Following the group’s first, deep-voiced folk/rock on A Change of Days (reviewed here), Todd wants to take the new record in more of a pop direction. Having dived headlong into ’60s rock, The Beatles and The Zombies, and dolloped on a helping of Brian Jonestown Massacre and Gorillaz as well, he says the work will likely be undergirded by the sum of those influences, with a notably less earthy sound.

Both Smith’s Cloud and Dear Herman will play new material this Sunday that departs from previous work, but the show also represents a steady, sure milestone in what could be called a nearly lifelong friendship (in terms of band lives, at least) between the two groups. Todd had met Davy and Taylor at Lincoln’s Grace Chapel, introduced via his expertise on drums (honed through playing with Lincoln’s Columbia Vs. Challenger).

Since then, Todd has created artwork for both Sincerely, Dorothy and Davy’s first album, Immigrants and Strangers. He stresses that anyone who plans on coming to see Dear Herman for what might be their last concert should listen to Sincerely, Dorothy. Learn the story arc, so that when the stage is full of singers and players like Bossard on guitar and accordion, the meaning of particular moments is not lost upon new ears. Moments like the time Dorothy’s husband, Noland, fights Gad Harvey, who is in love with Noland’s sister, Evangeline.

“I listened to the record again yesterday,” Todd says, “and I was thinking about that illustration I did for the scene where Noland rolls Gad in the mud. The implication is after that, Gad was never the same. He became a bitter, old man, so I knew that needed to be heart-wrenching, and tried to make the look on his face show that he had just kissed the woman he loved, then his hopes were dashed. He was embarrassed and emasculated in front of her.”

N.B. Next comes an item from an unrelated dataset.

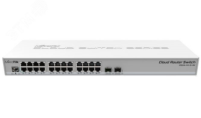 CRS326-24G-2S+RM – продвинутый управляемый L3-коммутатор, работающий под управлением операционных систем RouterOS / SwOS с функцией двойной загрузки ''Dual boot''. Имеет 24 Ethernet-порта 1 Гбит и 2 SFP+ порта, а также дополнительный процессорый блок. Является заменой модели прошлого поколения CRS125-24G-1S-RM.

Whereas in the album and play Gad Harvey plays the somewhat ancillary antagonist, Davy is writing the novel from Harvey’s perspective. She says during rehearsals and in the months that followed the stage production, actresses and actors playing her characters’ roles have helped further color in the white space of El Pasillo.

“In the long pauses on the set when Evangeline and Gad Harvey are talking, they created, between the two characters, this whole backstory of a library in Santa Fe and Gad’s drinking problem. Those conversions, as organic as they were, have definitely informed some of the characteristics of these people as I see it.”

And while the songs of Sincerely, Dorothy will be somewhat retired after Taylor’s move — during a natural hiatus that will also see the birth of Davy’s child this winter — Davy continues to focus on writing new material alongside the novel. As for her own letter-writing to Taylor after the move, Davy says they’ll communicate through various creative means, even if those means don’t involve stamps and envelopes.

“I have a very romantic ideal of letter-writing that is akin to the romantic ideal I have of myself as a gardener, which doesn’t always practically work itself out into reality,” she says with a laugh. “Throughout my relationship with my sister, we’ve tried to find unique ways to connect. The idea of our name kind of came from a private blog that we posted on just for each other for several years.

“I think the creative connection will always be there, whether or not we pull out a pen and paper.”